ComicCult vivrà?

Ovvero: ci sarà una nuova edizione della Fiera del fumetto del Grande Salento?
É una domanda che di recente ci rivolgono in molti con l'approssimarsi di dicembre, un anno esatto dalla prima edizione di ComicCult.
Editori, autori, appassionati e visitatori, rimasti soddisfatti e colpiti dalla prima edizione, continuano a esortarci, affinché si ripeta la magica esperienza del primo anno.
La volontà da parte nostra c'è tutta, ma detto in gran sincerità la situazione è questa:
Perché le iniziative culturali, anche importanti e di successo, non prendono piede in Puglia? Quesito leggittimo e risposta facilissima: perché le pubbliche amministrazioni non collaborano, non esortano e, al contrario, adottano dei comportamenti tali da far perdere gli entusiasmi.
Nella prima edizione, per dirla tutta, siamo stati molto colpiti della presenza (sebbene molto "risicata" e corredata da vari disguidi, imprevisti, difficoltà create, proposte andate a vuoto e rimedi dell'ultimo minuto) della Provincia di Lecce, l'unica ad aver attribuito a ComicCult una certa dignità e ad aver concesso qualcosa di più di un semplice patrocinio nominale.
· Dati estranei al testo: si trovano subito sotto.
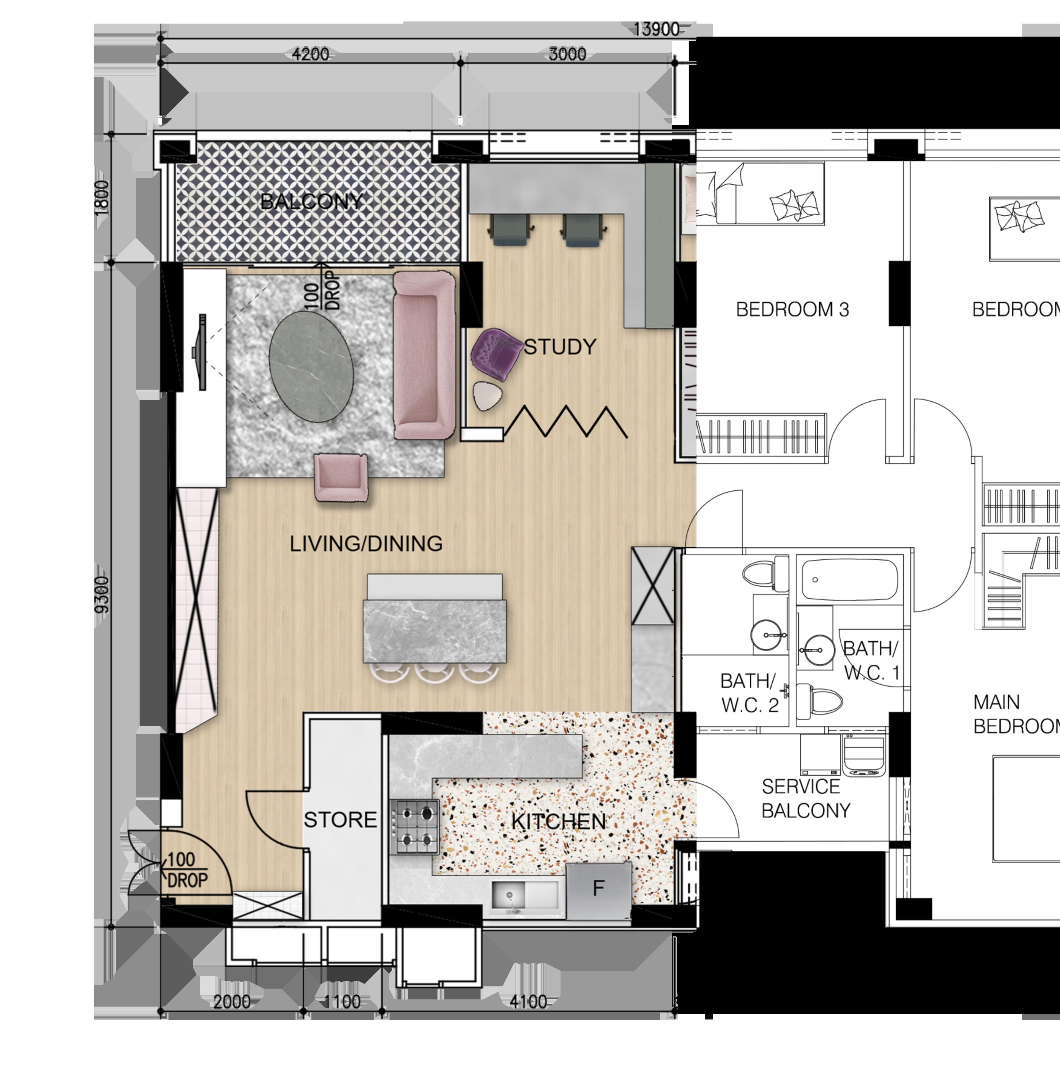I had currently helped out in 4 projects so far as they are still starting out on interior design works. I really enjoyed myself as there was a lot of freedom to do these drawings and since I am doing freelance works for them.
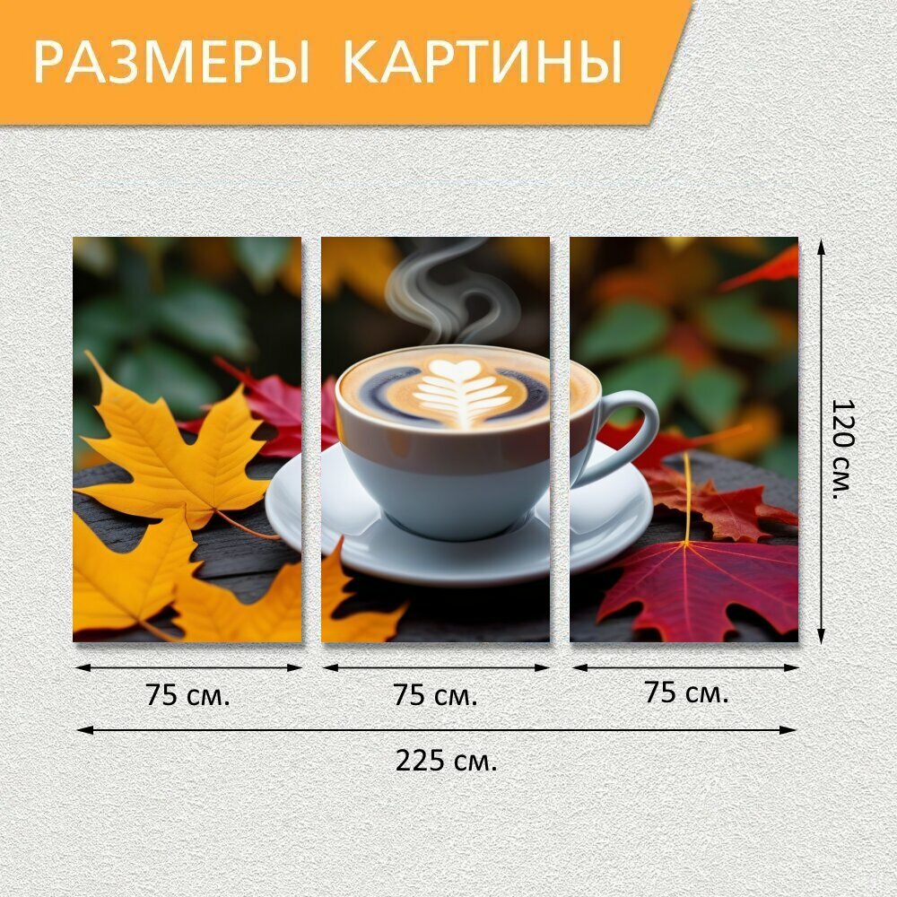 Модульная картина на холсте "Чашка кофе с уютом среди осенних листв , " триптих на подрамнике 225х120 см. для интерьера информация:

Anche della Regione Puglia eravamo rimasti sorpresi in positivo, poiché avevano premiato la nostra iniziativa con un finanziamento inaspettato e gradito (se pur parziale, rispetto all'intero budget previsionale) e soprattutto non "sponsorizzato" (leggasi tra le righe).
Ma questo finanziamento (con tanto di delibera), che andava attribuito a consuntivo, cioè a fine della fiera e previa presentazione di una complessa rendicontazione (che ci è stata fatta rifare decine di volte perché considerata incompleta, a fronte di un lacunoso regolamento) non è mai arrivato.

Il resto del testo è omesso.